El punto importante que conviene destacar es que tal trayectoria implicaría un recorte drástico de las libertades democráticas de que normalmente disfrutan la mayoría de los países imperialistas. El número de portavoces representativos de la clase capitalista que lo han confirmado es impresionante. El discurso antes citado de Sir Charles Carter señalaba inequívocamente que el desempleo causado por la nueva tecnología, unido a una inflación continua, podría llevar a una ruptura de la ley y el orden y al derrumbamiento del actual sistema político. W. W. Rostow afirmaba de manera no menos inequívoca que la solución está a medio camino entre una economía del bienestar y una economía de la guerra[123]. Y lo más inquietante de todo son las tendencias sugeridas en el informe de la Comisión Trilateral, The crisis of democracy, que reflejan las convicciones de un sector significativo de altos dirigentes del capital monopolista internacional. Suponen un ataque directo contra la «democracia excesiva» y expresan la convicción de que el tipo de decisiones que habrán de adoptarse en los próximos años (obviamente en interés del sistema capitalista) y la propia «gobernabilidad» de los países imperialistas dependerán del recorte de las libertades democráticas[124].

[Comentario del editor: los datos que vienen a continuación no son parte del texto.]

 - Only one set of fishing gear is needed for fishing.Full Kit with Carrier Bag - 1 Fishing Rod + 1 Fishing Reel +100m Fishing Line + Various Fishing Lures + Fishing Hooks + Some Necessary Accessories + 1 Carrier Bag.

Por supuesto, no se puede excluir de antemano la posibilidad de que pruebas de fuerza decisivas entre el capital y el trabajo acaben una vez más en derrotas aplastantes para la clase obrera, como ocurrió en las décadas de 1920 y 1930. Tampoco se puede excluir la posibilidad de que nuevas dictaduras terroristas, no necesariamente idénticas a las de Mussolini, Hitler, Franco o la casta militar japonesa de la década de 1930 y principios de la de 1940, pero similares a ellas por su capacidad de destruir la organización de la clase obrera y las libertades democráticas, sean empleadas por la clase dominante para alcanzar el deseado efecto de reducir fuertemente el peso relativo de los salarios en la renta nacional. Pero habría que señalar que la correlación de fuerzas entre el capital y el trabajo es hoy mucho más favorable a los trabajadores de lo que lo fue en el período 1923-1940, tanto a escala internacional como en todos los países afectados, si sólo se tienen en cuenta criterios objetivos, y en la mayoría de los países (con las posibles excepciones de Alemania Occidental y EEUU) si se añade el factor subjetivo.

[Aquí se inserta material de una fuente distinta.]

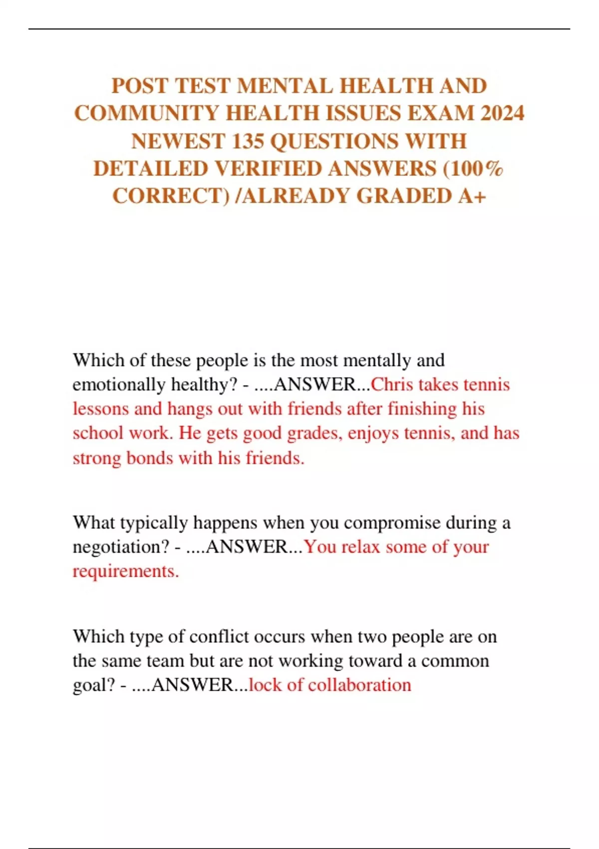POST TEST MENTAL HEALTH AND COMMUNITY HEALTH ISSUES EXAM 2024 NEWEST 135 QUESTIONS WITH DETAILED VERIFIED ANSWERS (100% CORRECT) /ALREADY GRADED A+

En cualquier caso, infligir una derrota tan aplastante a la clase obrera es imposible a corto plazo. Ésta sólo podría producirse como resultado final de un período de escaramuzas y luchas preliminares a través de las cuales quedara erosionada la fuerza de los trabajadores, al tiempo que no se produciría ningún progreso significativo en la elevación del nivel medio de la conciencia de clase y de la capacidad de la clase obrera para crear una vanguardia cada vez más numerosa de trabajadores radicalizados que contribuyera decisivamente a la aparición de nuevos dirigentes y nuevos partidos revolucionarios capaces de elevar el nivel de responsabilidad exigido por la naturaleza misma de las pruebas de fuerza a que se vieran enfrentados. Personalmente, pensamos que no existe el menor fundamento para llegar a conclusiones pesimistas de esta índole, partiendo de lo que ha ocurrido en la mayoría de los principales países imperialistas durante los últimos diez años, incluidos EEUU y Alemania Occidental (donde la aparición de este sector ha sido más lenta que en otros países, pero en modo alguno ha estado ausente).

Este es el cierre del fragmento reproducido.